Утром пленных — тех, кто был здоров — выгнали на работу.

«Всегда мечтал побыть рабовладельцем, — усмехался при этом Тимофей. — Сидеть себе в шезлонге, потягивать пивко, леща жевать. А картошку пусть копают афромериканцы. Ну почему так всегда нельзя, а?»

Они, надзиратели, работали с ними вместе в качестве бригадиров, но автоматы держали при себе и соблюдали дистанцию. Хотя оба эксцессов не было. Была пара случаев разборок среди самих пленных и попыток отнять чужие пайки, которые пресекли быстро и жестко.

Еще им предстояло хоронить убитых. К счастью, у них были целых два экскаватора и бульдозер. На этот счет был строгий приказ похоронить все павших в бою в братских могилах, не делая различия ни для бойцов и командиров, ни для солдат двух разных сторон. Приказ, вызвавших много споров и ворчания.

Когда ямы были закончены и засыпаны, Данилов сам вырезал временную табличку, вспомнив свои навыки резьбы по дереву, которые приобрел в долгие месяцы вынужденного одиночества в поселке Рассвет, и покрыл ее лаком. Он, выросший в годину смуты и разврата, не мог подобрать иные слова, кроме шолоховских. На будущее нужен будет памятник, отлитый в металле или вырезанный в камне, подумал он, но это уже было не по его части.

— Будь проклята война, — переговаривались они в перерывах, когда не ревела землеройная техника.

— Нет. Будь проклят Мазаев, который заставил нас убивать своих братьев. Надеюсь, он, сука, будет подыхать долго.

— Будь прокляты кровопийцы-буржуи, которые все это начали, — это, конечно, сказал Краснов.

Его Колесников, уводя своих бойцов, назначил старшим над лагерем военнопленных, и он относился к этой роли со всей серьезностью, хоть и иронизировал: «Говорят некоторые заблуждающиеся личности, что каждый большевик — это генетический вертухай. Значит, у меня получится».

Данилова он сразу же отчитал за его «формальный гуманизм» и запретил приближаться к лагерным корпусам.

«Тебя зарежут — полбеды, а вот за массовый побег мне майор голову оторвет. Он меня назначил, а не Змея, и не зря. С этой публикой надо построжее. Так что сиди и помни, что инициатива наказуема».

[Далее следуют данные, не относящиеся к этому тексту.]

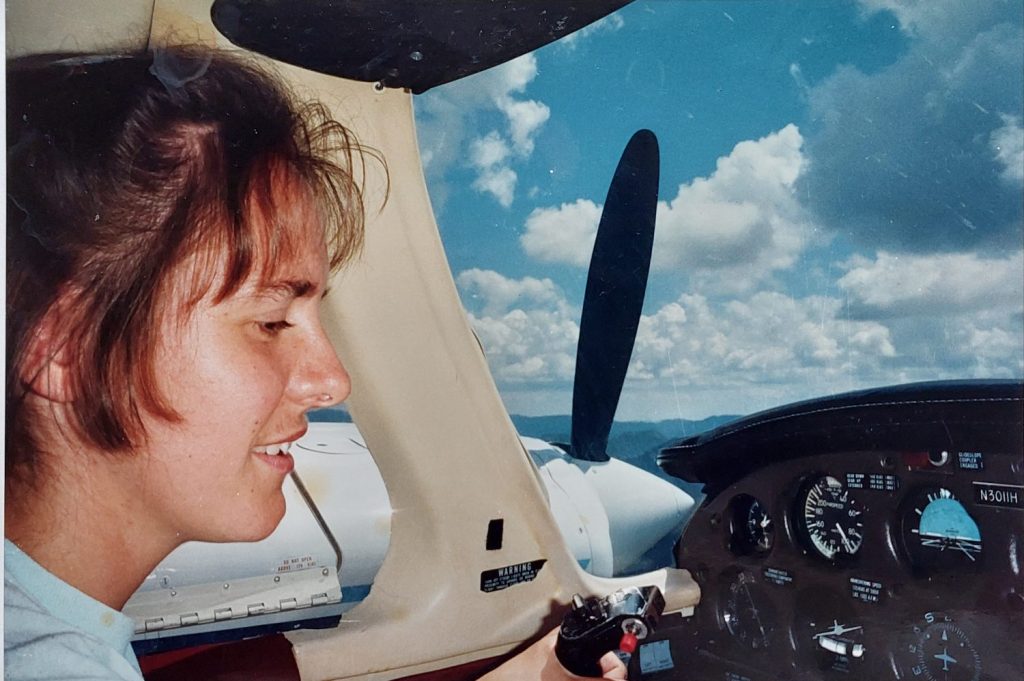 Van alle kanten kreeg ze steun, van haar ouders, haar overige familie en haar vriend om door te gaan voor beroepsvlieger. Ze volgde de opleiding vanaf 1989, een deel in Nederland, het andere in de Verenigde Staten. Yvette: ‘We vlogen veel in Arizona, het gebied van de cowboys. Toen ik mijn eerste crosscountry maakte en bijna terug was bij het veld, liet ik de toren weten dat ik er aankwam. “Roep maar als je de grens van het terrein passeert”, zeiden ze. Maar ik genoot zo van het landschap dat ik steeds verder van het vliegveld wegvloog, ik had nog helemaal geen zin om terug te gaan. Uiteindelijk riepen ze me op met de vraag waar ik toch bleef. Het duurde even voordat ik me weer kon oriënteren want ik was de weg inmiddels kwijt.’ Yvette lacht aanstekelijk. ‘De verhalen die er later van kwamen! Ik zou een week weg zijn geweest omdat ik achter de cowboys aanzat!’
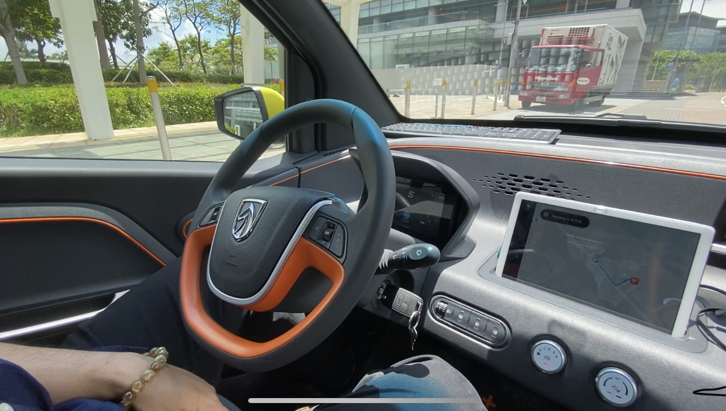 記者親身體驗,可見行車時軚盤自行轉動,轉彎也沒有問題。

Александр вспомнил, что суровый коммунар всегда багровел, когда кто-то… например тот же Фомин, при слове коммунизм упоминал ГУЛАГ. Но в душе он скорее всего не злился, а расстраивался как ребенок. Что для его друга чистая и светлая идея ассоциировалась с тюремной баландой и узколобыми шариковыми из черных подвалов. Не с космическим лифтом и орбитальными городами, а с Королёвым на Колыме.

Как расстраивался и сейчас из-за того, что первым их творением в новом мире был концентрационный лагерь, пусть даже и «добрый», в который мирные люди загнали неудавшихся палачей.

— Когда-нибудь про это напишут песню, — услышал Данилов рядом знакомый голос.

Тимур собственной персоной. Музыкант, которого чудом не порешил Богданов, оказывается, тоже сумел пережить бой. Но голос его звучал тихо, словно у неисправной колонки. Он хорошо чувствовал момент, и у него хватало ума не доставать свою гитару.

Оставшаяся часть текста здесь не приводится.